My music varies with my mood and the type of high I'm getting from my herb more sativa rich strains usually lead to metal of some sort while the more narcotic highs put me into blues and jazz kind of moods. I'm a guitarist myself though so I tend to gravitate towards music with guitars in it. 
I like some trance, but only specific stuff from specific artists.


----------



## [email protected] (May 24, 2009)

Mystik said:


> My music varies with my mood and the type of high I'm getting from my herb more sativa rich strains usually lead to metal of some sort while the more narcotic highs put me into blues and jazz kind of moods. I'm a guitarist myself though so I tend to gravitate towards music with guitars in it.
> I like some trance, but only specific stuff from specific artists.


 
ya i guess your current state of mind effects what you wanna listen to. lol i never really realised it, but its true


----------



## Seesaw (May 24, 2009)

i really like chiodos when i'm high for some reason


and circa survive seems to please me.


----------



## [email protected] (May 24, 2009)

Seesaw said:


> i really like chiodos when i'm high for some reason
> 
> 
> and circa survive seems to please me.


 
i went to a chiodos show before 
their great live.


----------



## akman (Jun 10, 2009)

Im new here.
been stalking for a while lol.
anyways i respect every music genre from Yo Gotti mixtapes to Attack Attack!


----------



## k3nz1387 (Jun 10, 2009)

i like listening to vocal trance like armin van buuren, oceanlab, etc. it just really chills me out. zones me out aswell if i got some dank  think i'll light one up and put some oceanlab on.  check out sum tunes let me know your oppinion 
http://www.youtube.com/watch?v=8X93-MC1R9Q


http://www.youtube.com/watch?v=gHJ250EpMoc


----------



## CV Cooperative (Jun 11, 2009)

I like to smoke to hip hop a lot, but you can't go wrong with funk either.


----------



## [email protected] (Jun 12, 2009)

i think anything you can sit back and chill to while blazin is good lol anything thats got a good sound and a good beat


----------



## RollTide (Jun 12, 2009)

*Dave Matthews Band* is amazing when you are stoned. His lyrics are so deep and powerful, not to mention the music just sounds absolutely amazing. If you arent really a fan, or havent heard him much, listen to his LIVE music. Seriously, DMB is 10000x better live. His new album, "Big Whiskey and the Groogrux King" is very very good as well. The new Cd seems more about the lryics, and a dedication to his long time friend and bandmember (and AMAZING saxophonist), Leroi Moore.

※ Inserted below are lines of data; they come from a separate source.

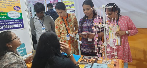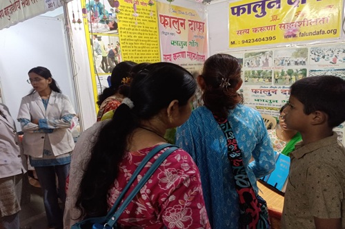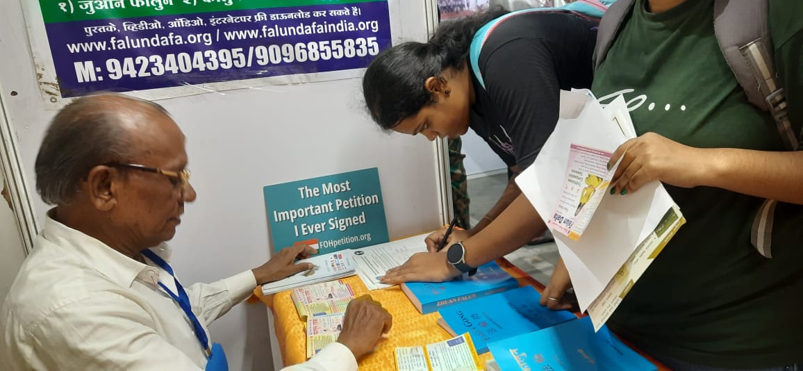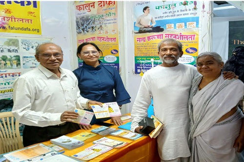 Renowned social workers Padmashri Dr. Ravindra Kolhe and Smita Kolhe, recognized for their decades of service in remote tribal areas, visited the Falun Dafa booth at the exhibition. Their presence encouraged the practitioners and brought additional visibility to the event, inspiring more visitors to learn about the practice.
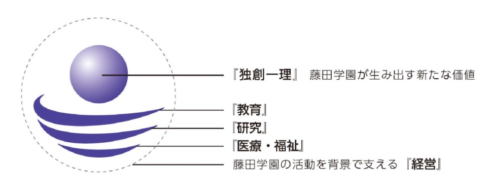 シンボルのデザイン作成に当たり、藤田学園の伝統的シンボルであったプロミネンスマークの「太陽・大気・水」の要素を継承し、現代的にシンプルに表現することをめざしました。シンボルに用いる基本的なカラー(色彩)には、「フジタ ウィスタリア」(藤色)を採用し、併記する文字列のデザインとして施設名ロゴタイプを定めました。
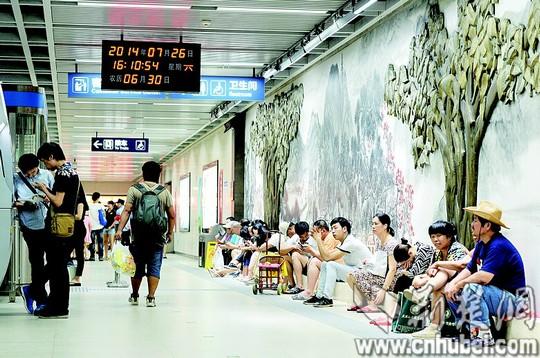 最近几天,记者探访地铁2、4号线的多个站点看到,在宝通寺、洪山广场、汉口火车站等站点,均看到不少纳凉的市民。
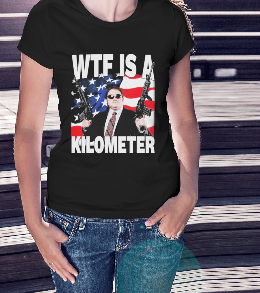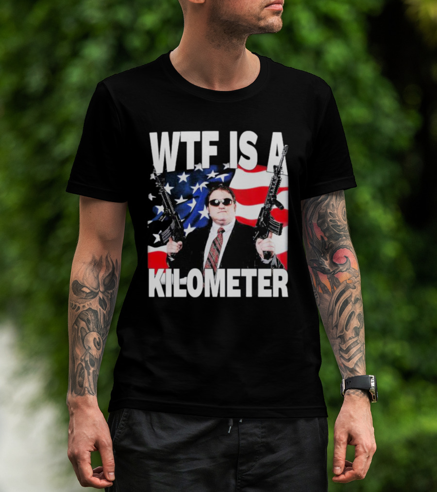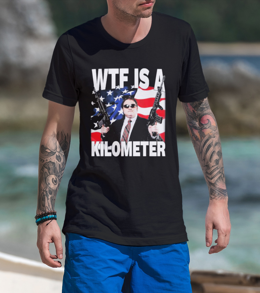 WTF Is A Kilometer American Flag Guns Suit Sunglasses T-Shirt

On a completely different note, *Lil Wayne* is awesome when you are high. I love lightin up a blunt to Weezy. Good beats, and good lyrics. His mixtapes are where his best music is, but Tha Carter II and III were both very good. The way he carries himslef and talks about himself makes him so much more of a badass to me.

*Emimen* is surprisingly very good when you are high too. The man is a poet more than a musician. Not someone I really enjoy listening to alot, but I just love the way he gets his message across. In his new album, "Relapse", he seriously takes you to his own world where there are no rules, and really shows you the dark side of life (listen to "Stay Wide Awake"). He is an absolute genius when it comes to his lyrics and flow. When you listen to him do think of him as a rapper, bc I truly believe the man is a poet. He is pretty hard to follow though cause he goes so fast. I love to have his lyrics up on my comp and follow along as I listen. He is a sick dark man, but the way he can you fell about the world is unreal. He seriously moves you if you follow his lyrics. Like the way Dave Matthews can make me feel so happy and good, Eminem will make you feel hatred and anger toward a cold evil world. Insane.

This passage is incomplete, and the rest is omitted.